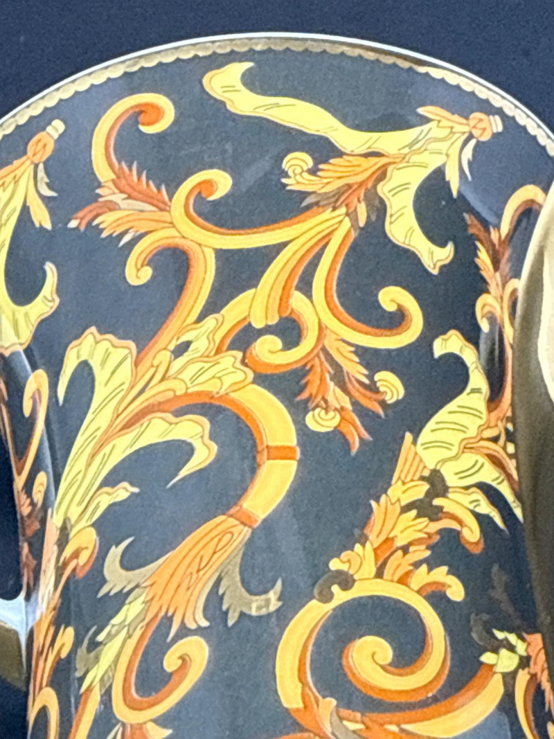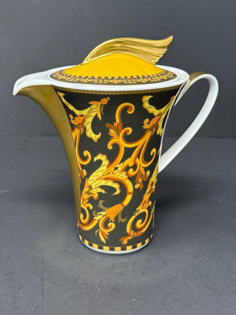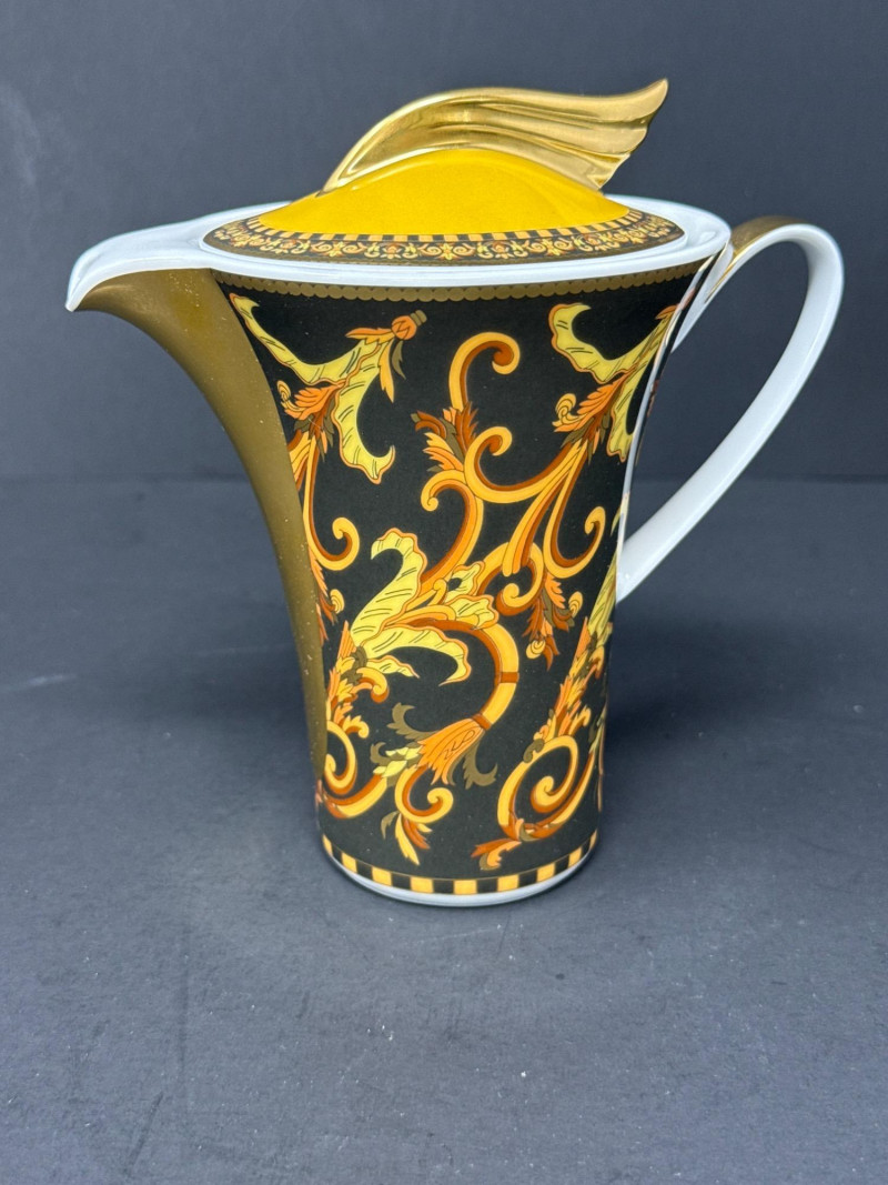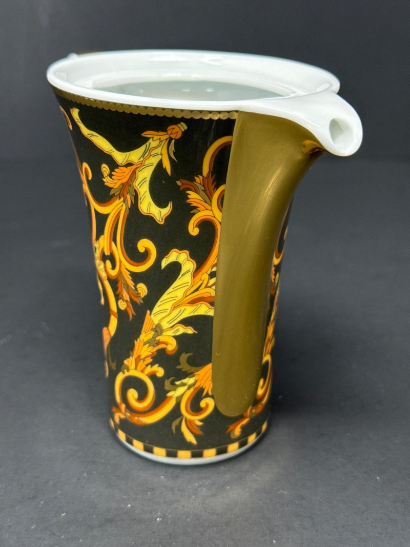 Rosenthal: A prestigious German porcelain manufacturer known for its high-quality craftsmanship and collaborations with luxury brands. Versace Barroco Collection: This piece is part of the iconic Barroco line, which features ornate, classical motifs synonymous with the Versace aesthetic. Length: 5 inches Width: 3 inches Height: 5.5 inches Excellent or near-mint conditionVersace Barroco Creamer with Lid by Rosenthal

---

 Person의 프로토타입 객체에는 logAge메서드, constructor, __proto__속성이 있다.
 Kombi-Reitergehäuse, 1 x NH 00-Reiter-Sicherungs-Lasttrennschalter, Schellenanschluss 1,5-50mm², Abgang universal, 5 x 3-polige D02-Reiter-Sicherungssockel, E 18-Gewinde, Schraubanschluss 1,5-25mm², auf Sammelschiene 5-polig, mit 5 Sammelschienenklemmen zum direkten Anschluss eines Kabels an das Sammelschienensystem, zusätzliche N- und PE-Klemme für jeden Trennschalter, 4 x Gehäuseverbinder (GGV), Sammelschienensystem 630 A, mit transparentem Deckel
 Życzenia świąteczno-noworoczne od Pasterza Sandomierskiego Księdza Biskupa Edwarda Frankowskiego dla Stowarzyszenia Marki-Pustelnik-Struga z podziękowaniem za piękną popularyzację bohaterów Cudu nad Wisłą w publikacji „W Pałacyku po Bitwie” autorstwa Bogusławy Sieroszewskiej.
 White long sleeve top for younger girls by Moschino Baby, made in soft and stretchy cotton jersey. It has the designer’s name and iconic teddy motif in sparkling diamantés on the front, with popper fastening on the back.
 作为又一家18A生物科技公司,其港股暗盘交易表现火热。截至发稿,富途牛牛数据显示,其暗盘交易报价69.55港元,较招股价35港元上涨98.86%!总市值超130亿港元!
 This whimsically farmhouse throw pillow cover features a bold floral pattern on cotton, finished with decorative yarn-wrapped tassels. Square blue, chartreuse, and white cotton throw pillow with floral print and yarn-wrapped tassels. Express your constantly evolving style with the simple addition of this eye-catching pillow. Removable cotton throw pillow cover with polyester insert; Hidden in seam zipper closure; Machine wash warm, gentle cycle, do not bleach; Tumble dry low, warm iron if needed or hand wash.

WHAT THE TASK ASKS:
How many lines of the material hold the string "cotton"? Answer with the number only.

RESPONSE TO THE TASK:
2